*** Opening Task input ***

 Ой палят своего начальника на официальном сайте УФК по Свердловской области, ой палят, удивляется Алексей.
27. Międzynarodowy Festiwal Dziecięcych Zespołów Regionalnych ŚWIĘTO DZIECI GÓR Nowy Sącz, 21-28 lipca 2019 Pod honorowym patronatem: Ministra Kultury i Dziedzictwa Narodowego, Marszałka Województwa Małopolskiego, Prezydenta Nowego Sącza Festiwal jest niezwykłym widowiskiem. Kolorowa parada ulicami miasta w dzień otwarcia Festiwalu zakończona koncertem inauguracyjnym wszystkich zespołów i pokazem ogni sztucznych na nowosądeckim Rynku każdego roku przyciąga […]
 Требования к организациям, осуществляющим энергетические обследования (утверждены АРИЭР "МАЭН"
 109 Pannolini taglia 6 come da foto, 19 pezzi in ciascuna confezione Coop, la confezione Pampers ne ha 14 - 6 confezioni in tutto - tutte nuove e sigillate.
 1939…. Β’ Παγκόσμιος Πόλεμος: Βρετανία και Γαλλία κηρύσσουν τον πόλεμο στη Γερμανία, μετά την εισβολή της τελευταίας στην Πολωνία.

*** Closing Task input ***
*** Opening Task input ***

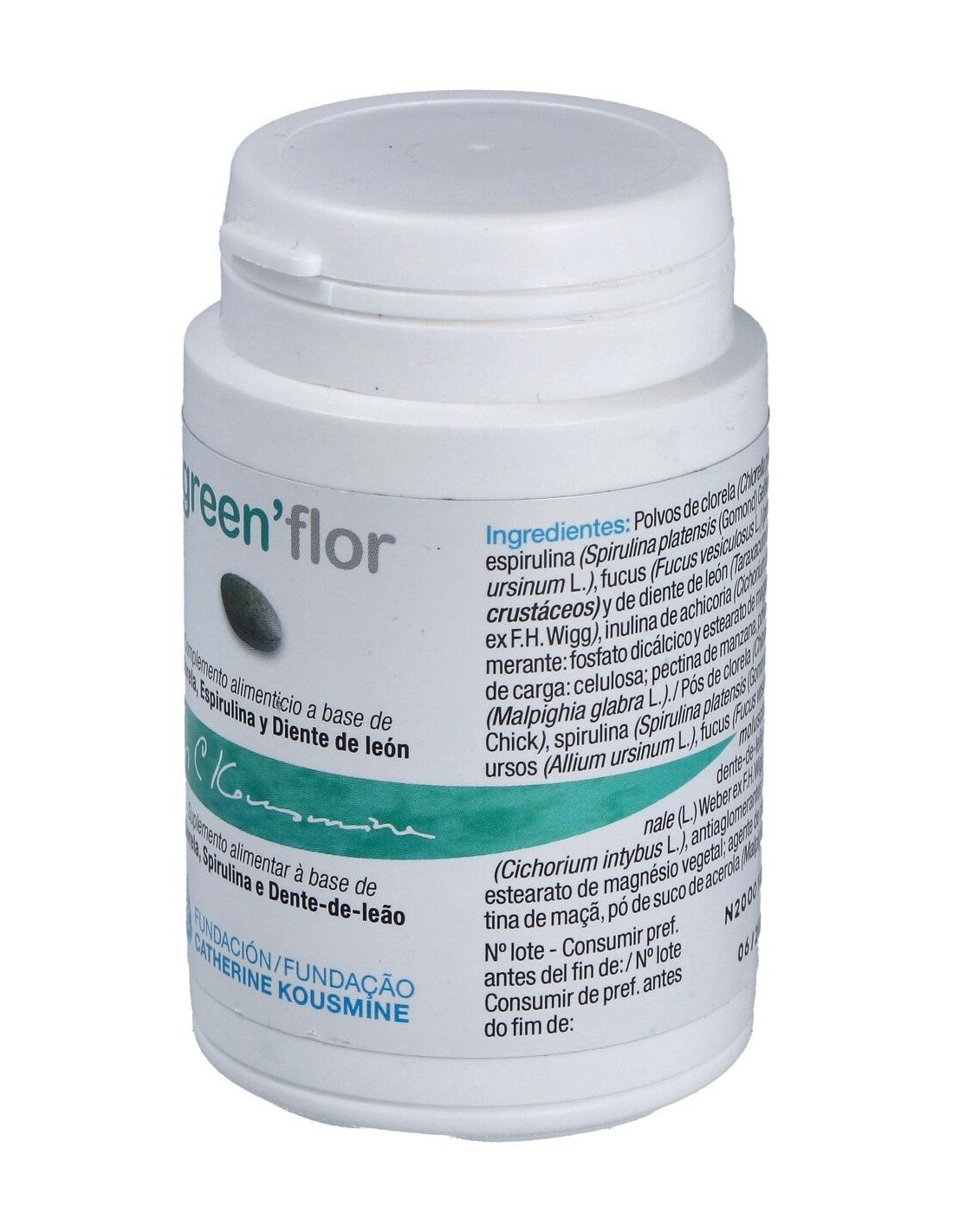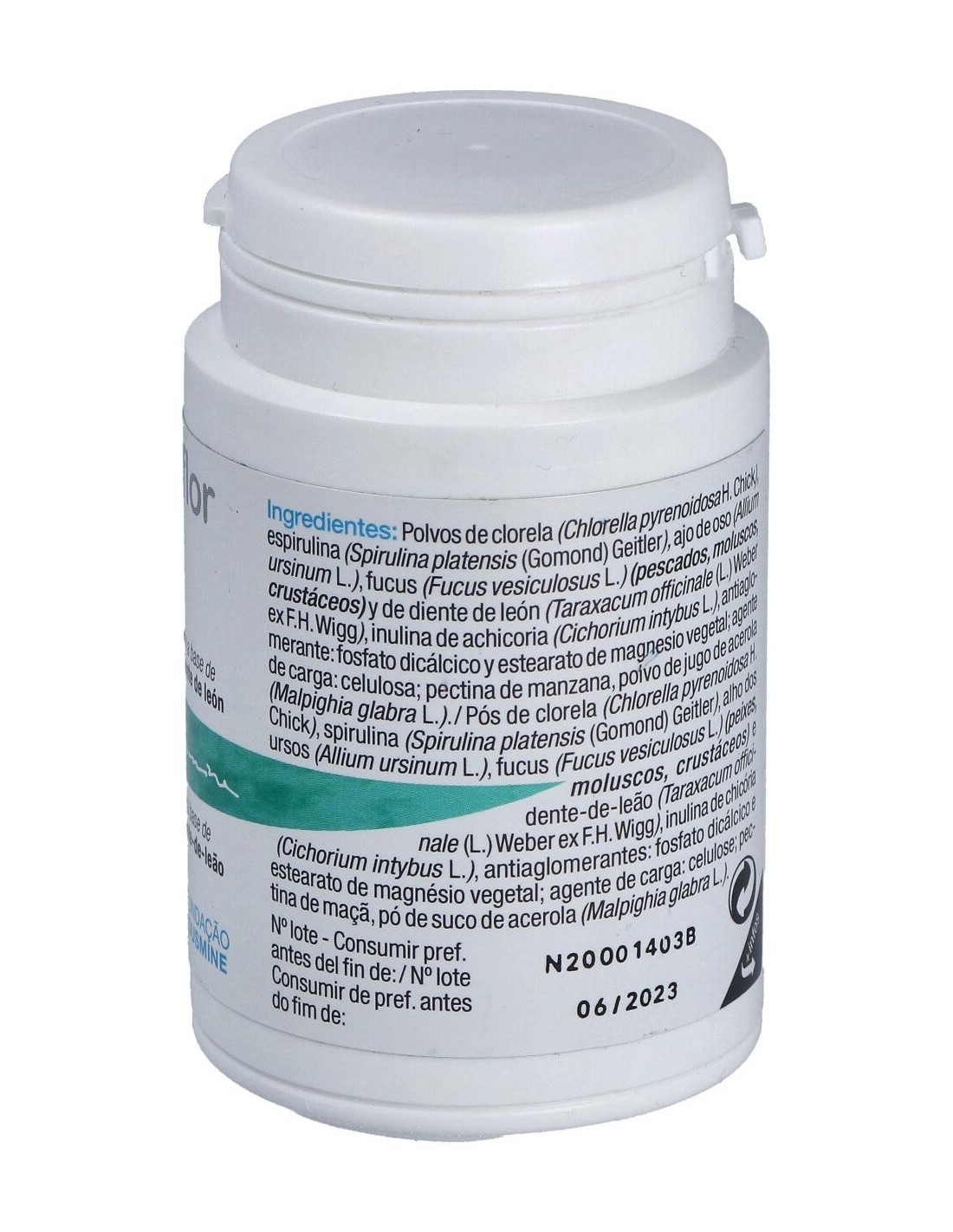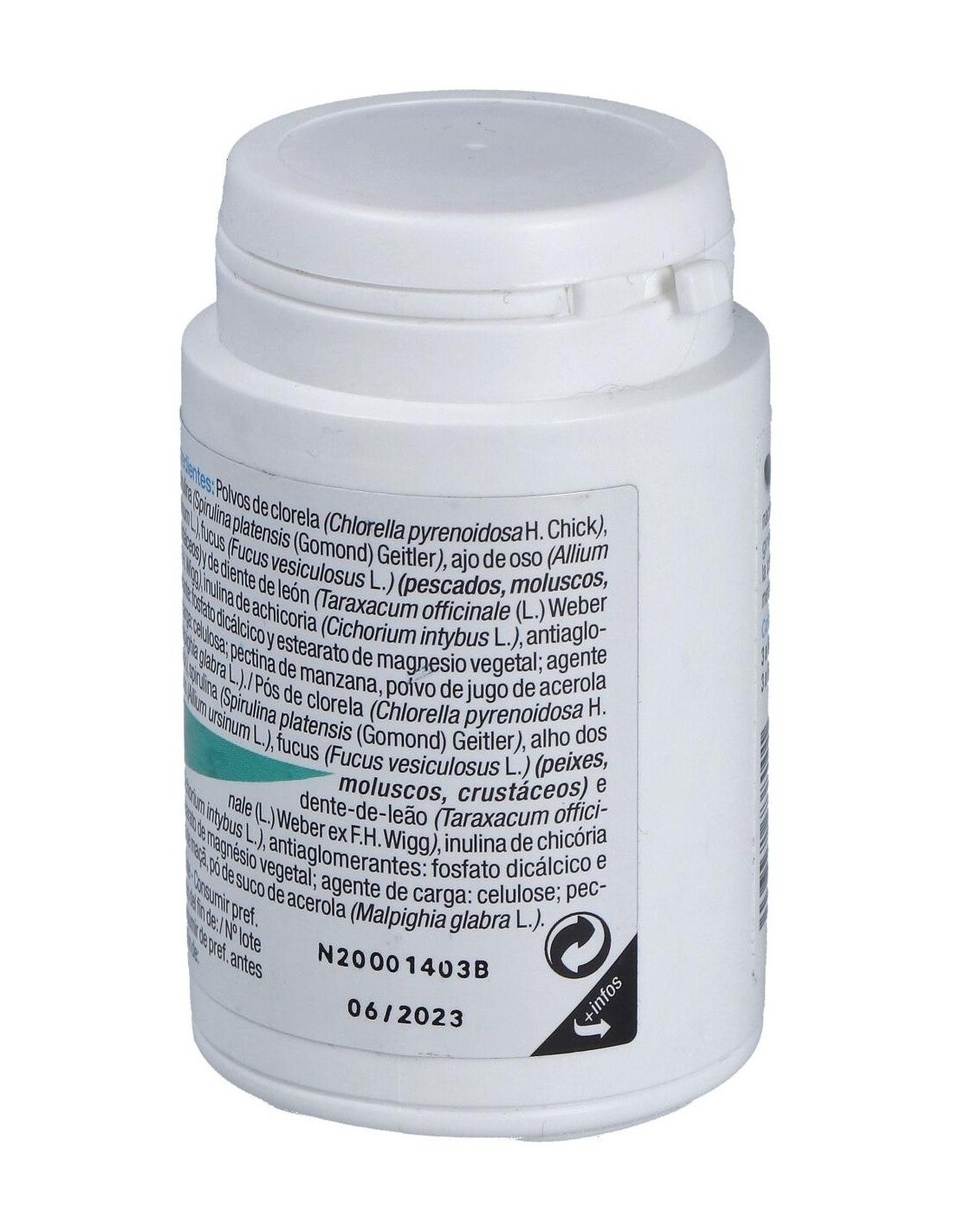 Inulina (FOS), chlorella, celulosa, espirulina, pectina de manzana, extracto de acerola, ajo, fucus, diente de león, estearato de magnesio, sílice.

*** Closing Task input ***

-- Aim of the task --
Your reply is to repeat, unchanged, the lines above running from the one with "Требования к организациям, осуществляющим" up to and including the one with "1939…. Β’ Παγκόσμιος".

-- Result --
 Требования к организациям, осуществляющим энергетические обследования (утверждены АРИЭР "МАЭН"
 109 Pannolini taglia 6 come da foto, 19 pezzi in ciascuna confezione Coop, la confezione Pampers ne ha 14 - 6 confezioni in tutto - tutte nuove e sigillate.
 1939…. Β’ Παγκόσμιος Πόλεμος: Βρετανία και Γαλλία κηρύσσουν τον πόλεμο στη Γερμανία, μετά την εισβολή της τελευταίας στην Πολωνία.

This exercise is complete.